» MATERIAL TO PROCESS:
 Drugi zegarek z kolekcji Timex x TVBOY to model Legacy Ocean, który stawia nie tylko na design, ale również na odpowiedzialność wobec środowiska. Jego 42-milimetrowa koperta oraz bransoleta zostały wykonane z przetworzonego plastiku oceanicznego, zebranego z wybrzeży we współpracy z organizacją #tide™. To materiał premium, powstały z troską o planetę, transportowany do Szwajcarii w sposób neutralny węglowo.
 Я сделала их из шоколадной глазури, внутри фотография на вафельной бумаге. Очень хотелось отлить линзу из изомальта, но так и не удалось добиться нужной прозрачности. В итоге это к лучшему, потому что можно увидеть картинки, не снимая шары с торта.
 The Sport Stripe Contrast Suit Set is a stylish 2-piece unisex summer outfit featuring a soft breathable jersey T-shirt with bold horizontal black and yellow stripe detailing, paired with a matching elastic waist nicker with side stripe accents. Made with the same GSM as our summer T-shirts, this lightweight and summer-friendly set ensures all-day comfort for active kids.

==

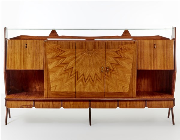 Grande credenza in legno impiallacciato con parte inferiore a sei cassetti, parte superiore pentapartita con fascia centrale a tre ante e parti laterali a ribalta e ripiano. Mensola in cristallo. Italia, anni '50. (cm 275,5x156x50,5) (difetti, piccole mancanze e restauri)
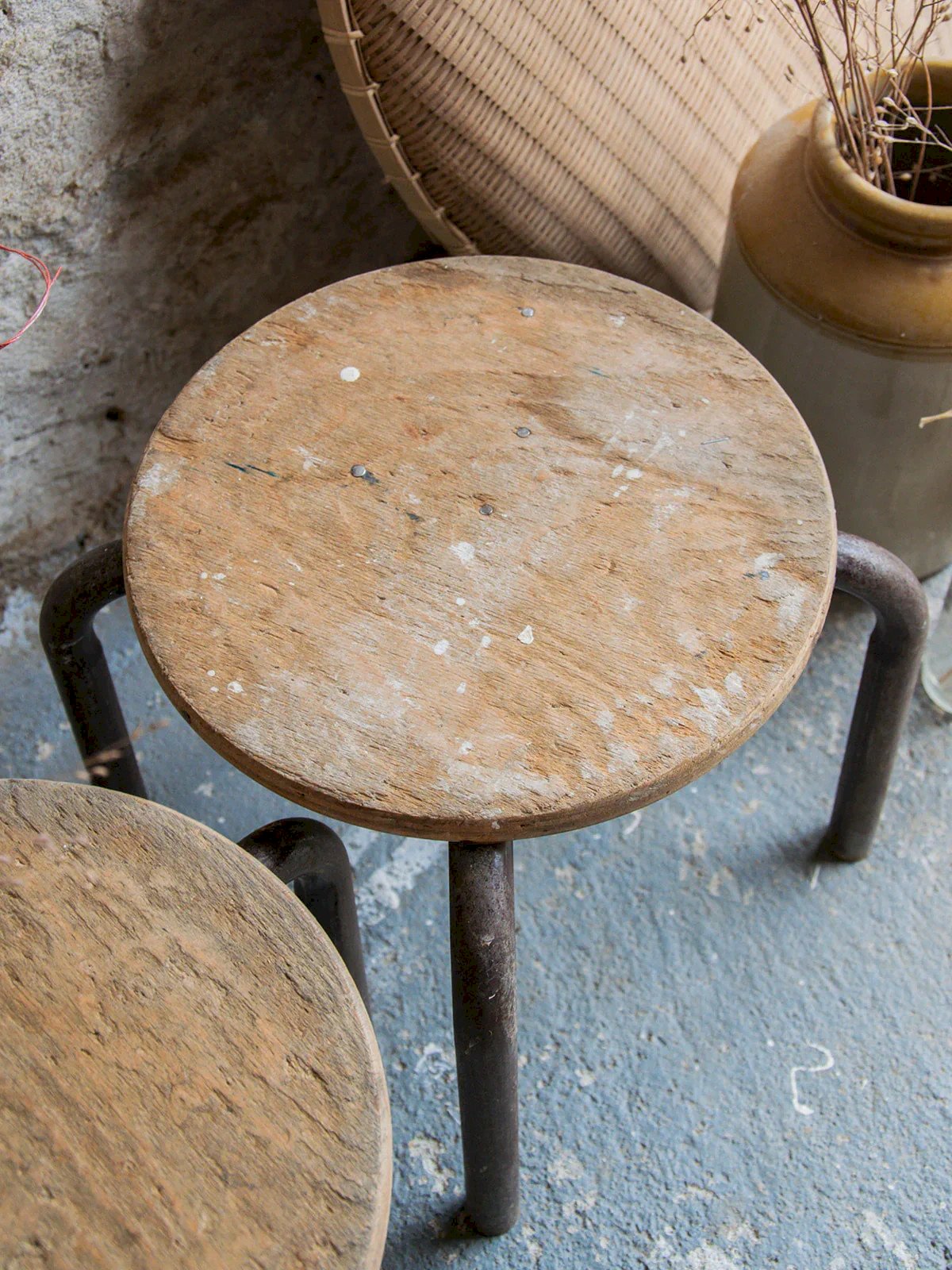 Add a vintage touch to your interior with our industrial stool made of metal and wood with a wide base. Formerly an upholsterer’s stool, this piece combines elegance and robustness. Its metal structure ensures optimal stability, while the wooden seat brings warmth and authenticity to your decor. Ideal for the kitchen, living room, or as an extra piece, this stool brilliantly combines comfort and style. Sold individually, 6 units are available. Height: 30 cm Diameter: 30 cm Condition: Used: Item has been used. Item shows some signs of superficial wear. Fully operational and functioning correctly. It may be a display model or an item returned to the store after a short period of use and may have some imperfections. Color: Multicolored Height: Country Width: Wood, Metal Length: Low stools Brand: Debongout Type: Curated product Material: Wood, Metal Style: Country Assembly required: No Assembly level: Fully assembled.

» TASK DIRECTIONS: From the line holding "Grande credenza in" to the line holding "Add a vintage", both included, retype the entries above exactly and drop the pictures.

» RESULT OF THIS TASK:
 Grande credenza in legno impiallacciato con parte inferiore a sei cassetti, parte superiore pentapartita con fascia centrale a tre ante e parti laterali a ribalta e ripiano. Mensola in cristallo. Italia, anni '50. (cm 275,5x156x50,5) (difetti, piccole mancanze e restauri)
 Add a vintage touch to your interior with our industrial stool made of metal and wood with a wide base. Formerly an upholsterer’s stool, this piece combines elegance and robustness. Its metal structure ensures optimal stability, while the wooden seat brings warmth and authenticity to your decor. Ideal for the kitchen, living room, or as an extra piece, this stool brilliantly combines comfort and style. Sold individually, 6 units are available. Height: 30 cm Diameter: 30 cm Condition: Used: Item has been used. Item shows some signs of superficial wear. Fully operational and functioning correctly. It may be a display model or an item returned to the store after a short period of use and may have some imperfections. Color: Multicolored Height: Country Width: Wood, Metal Length: Low stools Brand: Debongout Type: Curated product Material: Wood, Metal Style: Country Assembly required: No Assembly level: Fully assembled.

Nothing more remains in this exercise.